» **TASK DIRECTIONS**: Keep to one stretch of the data below, the lines from the one with "4. Подготовленные овощи" up to and including the one with "En la Feria", and return that stretch exactly.

» **LISTED RECORDS**:
※
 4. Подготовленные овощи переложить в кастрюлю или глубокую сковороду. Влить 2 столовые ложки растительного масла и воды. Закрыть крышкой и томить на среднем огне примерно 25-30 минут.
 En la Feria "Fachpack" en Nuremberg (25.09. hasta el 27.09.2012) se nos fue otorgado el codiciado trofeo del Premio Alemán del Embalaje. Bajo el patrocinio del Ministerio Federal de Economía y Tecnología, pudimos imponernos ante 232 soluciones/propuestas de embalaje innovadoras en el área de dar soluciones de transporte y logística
※
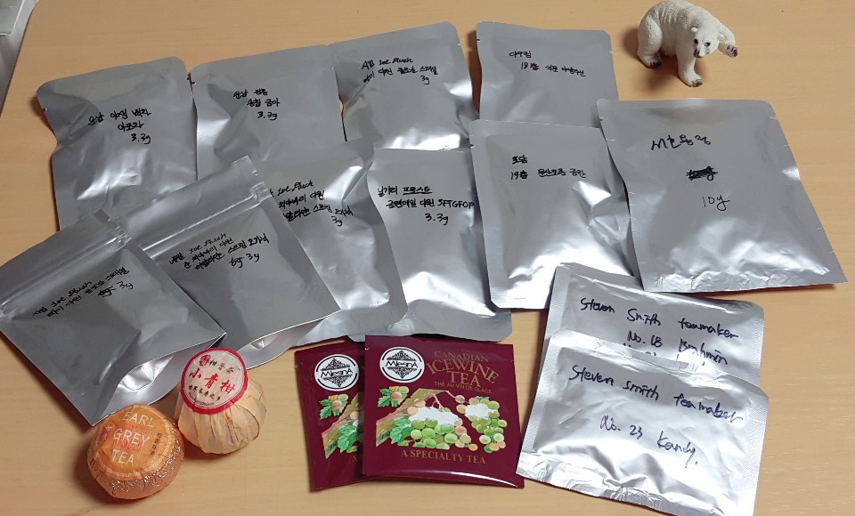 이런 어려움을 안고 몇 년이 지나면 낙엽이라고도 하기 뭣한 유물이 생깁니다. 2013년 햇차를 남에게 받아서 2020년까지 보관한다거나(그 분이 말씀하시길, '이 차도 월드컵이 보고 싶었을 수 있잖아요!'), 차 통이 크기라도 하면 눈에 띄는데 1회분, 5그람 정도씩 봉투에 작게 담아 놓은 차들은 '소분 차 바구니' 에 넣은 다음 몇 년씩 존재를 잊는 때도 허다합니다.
※
» **TASK ANSWER**:
 4. Подготовленные овощи переложить в кастрюлю или глубокую сковороду. Влить 2 столовые ложки растительного масла и воды. Закрыть крышкой и томить на среднем огне примерно 25-30 минут.
 En la Feria "Fachpack" en Nuremberg (25.09. hasta el 27.09.2012) se nos fue otorgado el codiciado trofeo del Premio Alemán del Embalaje. Bajo el patrocinio del Ministerio Federal de Economía y Tecnología, pudimos imponernos ante 232 soluciones/propuestas de embalaje innovadoras en el área de dar soluciones de transporte y logística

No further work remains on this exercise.